Supplied entries:
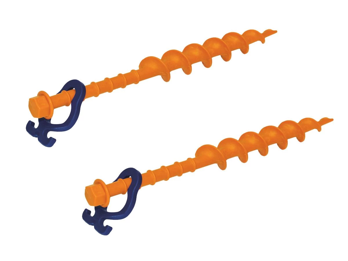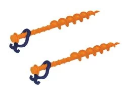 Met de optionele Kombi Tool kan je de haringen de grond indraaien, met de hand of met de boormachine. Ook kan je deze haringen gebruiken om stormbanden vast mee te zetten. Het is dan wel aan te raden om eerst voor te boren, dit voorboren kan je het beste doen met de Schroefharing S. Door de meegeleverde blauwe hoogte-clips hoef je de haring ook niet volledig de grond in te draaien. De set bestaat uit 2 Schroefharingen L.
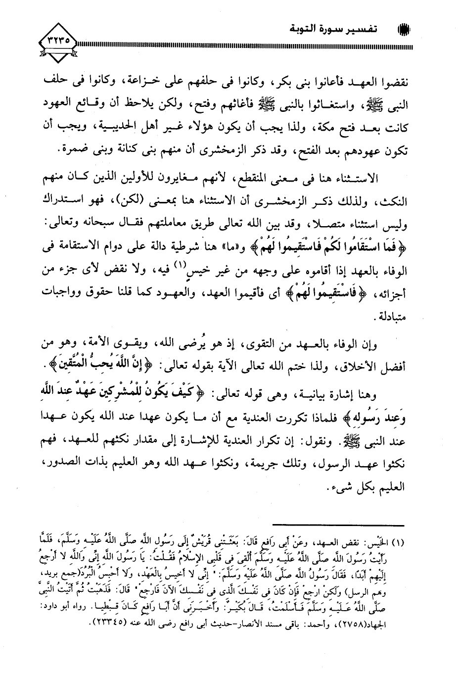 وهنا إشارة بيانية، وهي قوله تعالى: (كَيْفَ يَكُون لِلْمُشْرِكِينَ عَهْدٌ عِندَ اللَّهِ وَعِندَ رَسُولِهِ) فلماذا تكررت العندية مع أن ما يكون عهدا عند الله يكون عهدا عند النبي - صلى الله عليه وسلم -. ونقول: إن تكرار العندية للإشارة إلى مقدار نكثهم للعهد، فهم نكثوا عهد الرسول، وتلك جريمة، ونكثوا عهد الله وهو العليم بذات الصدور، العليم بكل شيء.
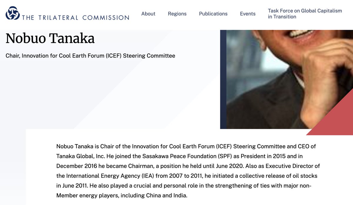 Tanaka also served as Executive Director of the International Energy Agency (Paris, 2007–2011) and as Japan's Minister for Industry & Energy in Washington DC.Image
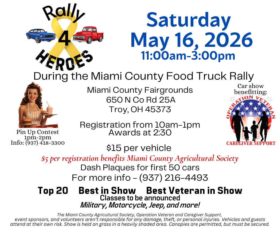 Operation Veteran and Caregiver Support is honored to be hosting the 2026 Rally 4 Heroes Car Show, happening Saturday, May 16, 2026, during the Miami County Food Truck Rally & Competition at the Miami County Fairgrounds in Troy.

...

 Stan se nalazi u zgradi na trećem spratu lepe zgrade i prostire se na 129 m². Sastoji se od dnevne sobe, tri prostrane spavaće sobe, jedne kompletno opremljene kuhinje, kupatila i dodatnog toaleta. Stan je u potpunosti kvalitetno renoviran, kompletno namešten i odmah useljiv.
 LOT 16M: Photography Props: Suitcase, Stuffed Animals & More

--

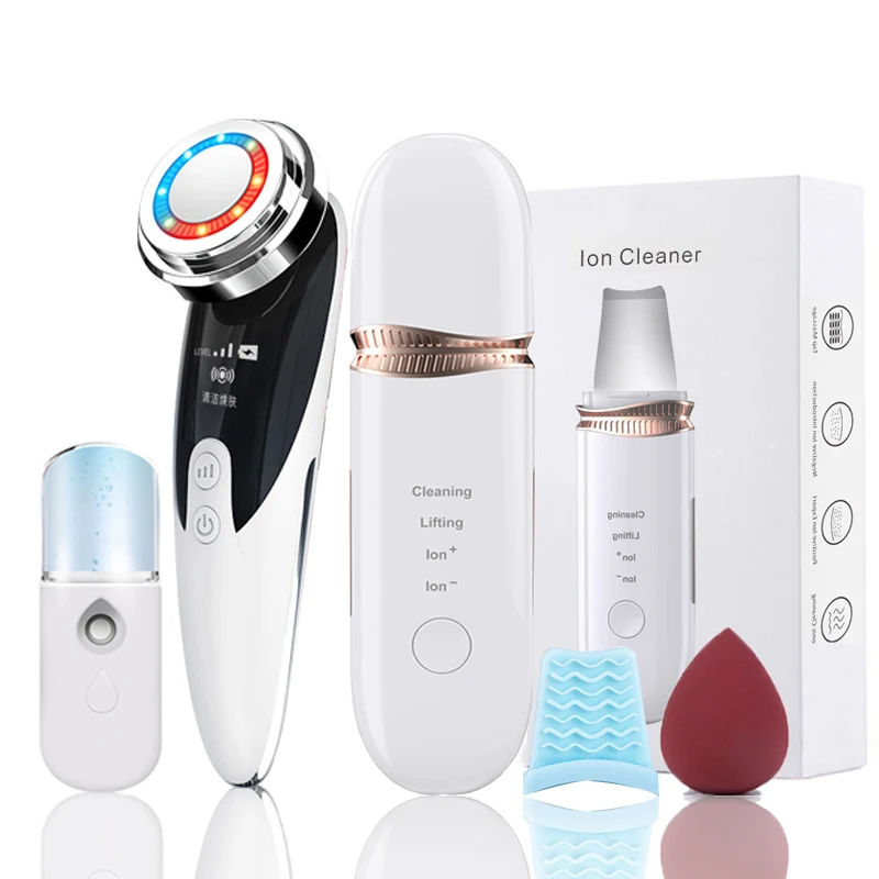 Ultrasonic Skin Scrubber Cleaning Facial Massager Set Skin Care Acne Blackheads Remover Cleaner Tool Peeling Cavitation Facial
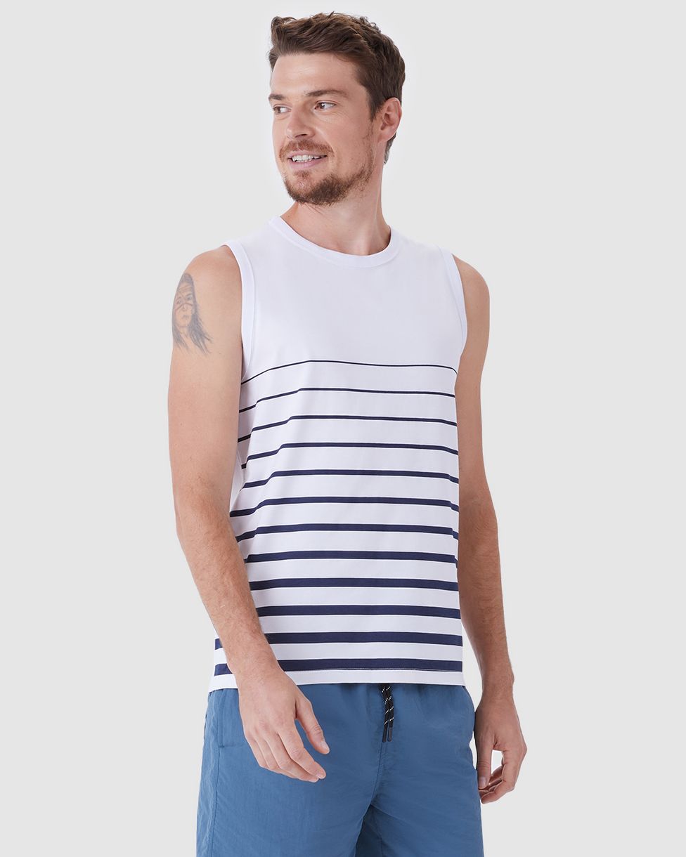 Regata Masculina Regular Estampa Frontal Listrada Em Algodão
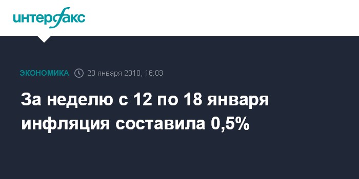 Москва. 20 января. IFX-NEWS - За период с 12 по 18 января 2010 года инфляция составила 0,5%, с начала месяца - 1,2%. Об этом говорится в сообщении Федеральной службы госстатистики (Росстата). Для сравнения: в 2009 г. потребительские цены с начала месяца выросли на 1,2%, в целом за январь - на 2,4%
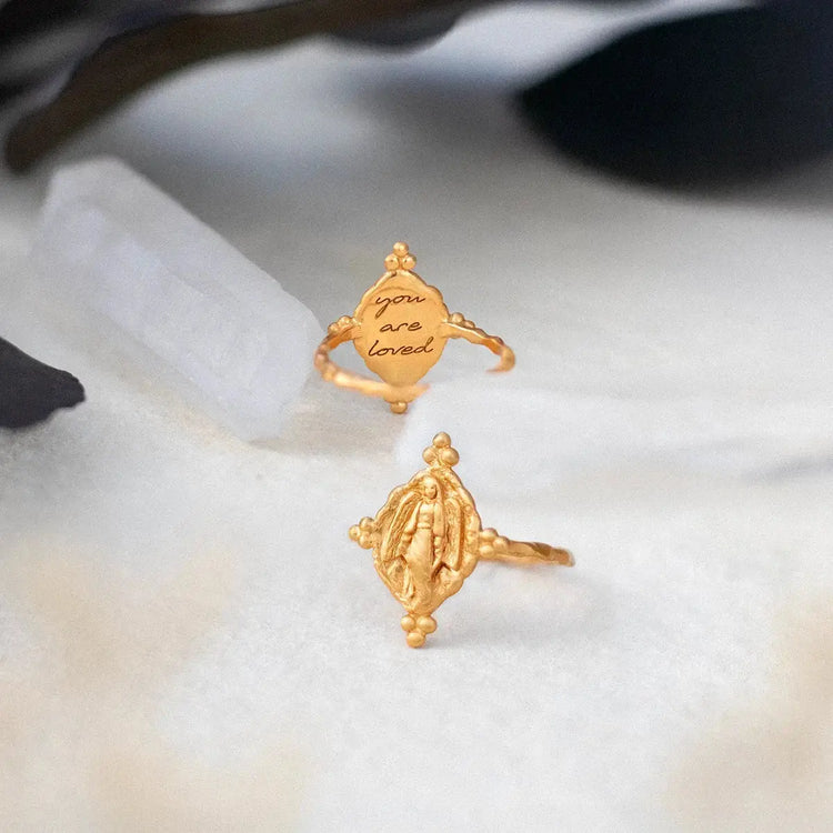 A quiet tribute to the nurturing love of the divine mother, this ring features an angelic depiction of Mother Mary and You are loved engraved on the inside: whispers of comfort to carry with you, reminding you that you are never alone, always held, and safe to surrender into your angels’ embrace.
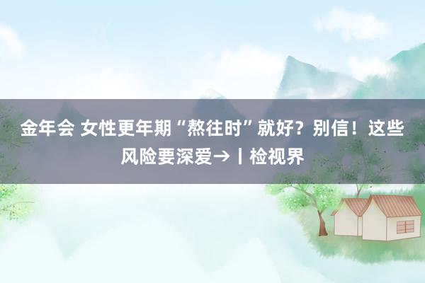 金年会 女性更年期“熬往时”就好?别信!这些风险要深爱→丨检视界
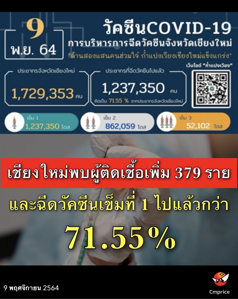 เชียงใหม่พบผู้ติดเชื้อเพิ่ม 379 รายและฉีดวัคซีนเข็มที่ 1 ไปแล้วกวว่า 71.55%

Your instructions: Transcribe the records above exactly, beginning at the line that contains "Stan se nalazi" and ending with the line that contains "LOT 16M: Photography", both included, and nothing else.

Written response:
 Stan se nalazi u zgradi na trećem spratu lepe zgrade i prostire se na 129 m². Sastoji se od dnevne sobe, tri prostrane spavaće sobe, jedne kompletno opremljene kuhinje, kupatila i dodatnog toaleta. Stan je u potpunosti kvalitetno renoviran, kompletno namešten i odmah useljiv.
 LOT 16M: Photography Props: Suitcase, Stuffed Animals & More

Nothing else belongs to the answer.